1.3. Forwarding decision and its problem

In order to reduce redundant messages, many rebroadcast protocol has been proposed. By making forwarding decision to decide whether to rebroadcast a received packet, broadcast storm problem can be mitigated. There are many solutions to make forwarding decision. In [6], four schemes of broadcast are specified, simple flooding, probability-based methods, area-based methods, and neighbor-knowledge method. These methods depend on additional information (speed, direction, neighbor relationship, etc.) to rebroadcast and achieve higher coverage (reliability or notified nodes) about the information and lower overhead of broadcast (less redundant messages).

By the nature of vehicles on the road, cars move along roads but still lack of principle with high mobility, the relation between the vehicles changes rapidly. It’s hard to maintain the relationship between vehicles, and the behaviors of the drivers are also unpredictable. There are so many unexpected things on the road, how to overcome all the situations in a hurry is the problem we need to solve. Most of the recent methods need collected information on the road to make forwarding decision. However, with high mobility, neighbor nodes will have higher probability to go out of transmission range, especially the border ones as shown in Figure 5. If the outer border nodes are not yet notified to forwarders, forwarder will get out-of-date information and make wrong forwarding decision with out-of-date neighbor information. Many protocols suffer from the frequently changed topology of VANET. The methods by making forwarding with neighbor relationship will be influenced mostly.

Figure 5 Border nodes

1.4. Motivation and Objectives

In high mobility vehicular ad hoc environment, an efficient solution to disseminate data or information with broadcast should be concerned about two things, reducing redundant messages and forwarding message with correct parameters. We proposed a nodes covered forward (NCF) rebroadcast protocol to achieve these requirements. Forwarders will take the mobility of border nodes into account.
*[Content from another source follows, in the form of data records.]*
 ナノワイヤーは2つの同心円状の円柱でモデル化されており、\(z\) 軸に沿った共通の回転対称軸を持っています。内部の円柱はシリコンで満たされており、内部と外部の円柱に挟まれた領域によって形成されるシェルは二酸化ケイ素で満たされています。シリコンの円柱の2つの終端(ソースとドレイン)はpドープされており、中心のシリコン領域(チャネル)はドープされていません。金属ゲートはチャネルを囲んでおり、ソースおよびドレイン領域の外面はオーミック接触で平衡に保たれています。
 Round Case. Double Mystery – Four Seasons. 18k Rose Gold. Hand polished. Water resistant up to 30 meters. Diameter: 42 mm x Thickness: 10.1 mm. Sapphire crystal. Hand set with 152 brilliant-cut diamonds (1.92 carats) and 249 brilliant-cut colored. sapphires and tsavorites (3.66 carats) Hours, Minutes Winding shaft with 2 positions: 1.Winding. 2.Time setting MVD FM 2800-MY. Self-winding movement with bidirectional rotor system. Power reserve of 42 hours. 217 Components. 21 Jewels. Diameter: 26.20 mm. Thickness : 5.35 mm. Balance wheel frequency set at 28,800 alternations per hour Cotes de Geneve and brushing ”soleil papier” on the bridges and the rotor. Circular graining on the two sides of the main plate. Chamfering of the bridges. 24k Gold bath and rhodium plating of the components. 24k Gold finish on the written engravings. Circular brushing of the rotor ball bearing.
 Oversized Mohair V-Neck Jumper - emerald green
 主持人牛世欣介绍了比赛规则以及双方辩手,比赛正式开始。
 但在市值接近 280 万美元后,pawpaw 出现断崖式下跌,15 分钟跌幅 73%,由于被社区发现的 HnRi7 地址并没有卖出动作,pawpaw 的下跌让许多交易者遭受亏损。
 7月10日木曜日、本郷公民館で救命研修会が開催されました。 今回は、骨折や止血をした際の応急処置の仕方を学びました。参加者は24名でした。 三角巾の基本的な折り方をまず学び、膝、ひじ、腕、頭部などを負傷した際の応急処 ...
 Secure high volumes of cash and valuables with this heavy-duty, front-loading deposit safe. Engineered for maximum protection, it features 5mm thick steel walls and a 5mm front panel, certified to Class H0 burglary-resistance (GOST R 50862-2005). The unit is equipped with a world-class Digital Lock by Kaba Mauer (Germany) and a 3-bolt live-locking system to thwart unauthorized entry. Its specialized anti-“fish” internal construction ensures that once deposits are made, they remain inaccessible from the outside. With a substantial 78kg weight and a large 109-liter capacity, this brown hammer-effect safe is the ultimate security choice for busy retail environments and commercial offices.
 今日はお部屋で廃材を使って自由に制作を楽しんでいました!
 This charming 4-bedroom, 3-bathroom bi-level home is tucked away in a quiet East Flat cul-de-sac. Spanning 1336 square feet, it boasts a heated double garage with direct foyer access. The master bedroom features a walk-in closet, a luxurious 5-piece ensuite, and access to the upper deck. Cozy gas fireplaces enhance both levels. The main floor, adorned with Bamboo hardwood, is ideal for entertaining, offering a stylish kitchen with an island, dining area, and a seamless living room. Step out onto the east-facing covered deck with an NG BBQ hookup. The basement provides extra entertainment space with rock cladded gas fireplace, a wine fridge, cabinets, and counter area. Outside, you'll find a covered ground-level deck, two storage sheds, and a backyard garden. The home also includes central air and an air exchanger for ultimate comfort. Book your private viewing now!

To take precautions before it is too late, with more covered nodes, the forwarders will have higher probability to rebroadcast to cover un-notified nodes. With probability to rebroadcast, NCF can notify neighbor nodes about incident information with less retransmission times and also solve redundant messages problem.

1.5. Organization

The rest of this thesis is organized as follow: chapter 2 discusses some related work on forwarding algorithm of broadcast that reduces redundant messages. The chapter 3 gives a detail description of our proposed algorithm. And chapter 4 shows the performance of simulation and evaluation. Last, the future work and conclusion will be in chapter 5.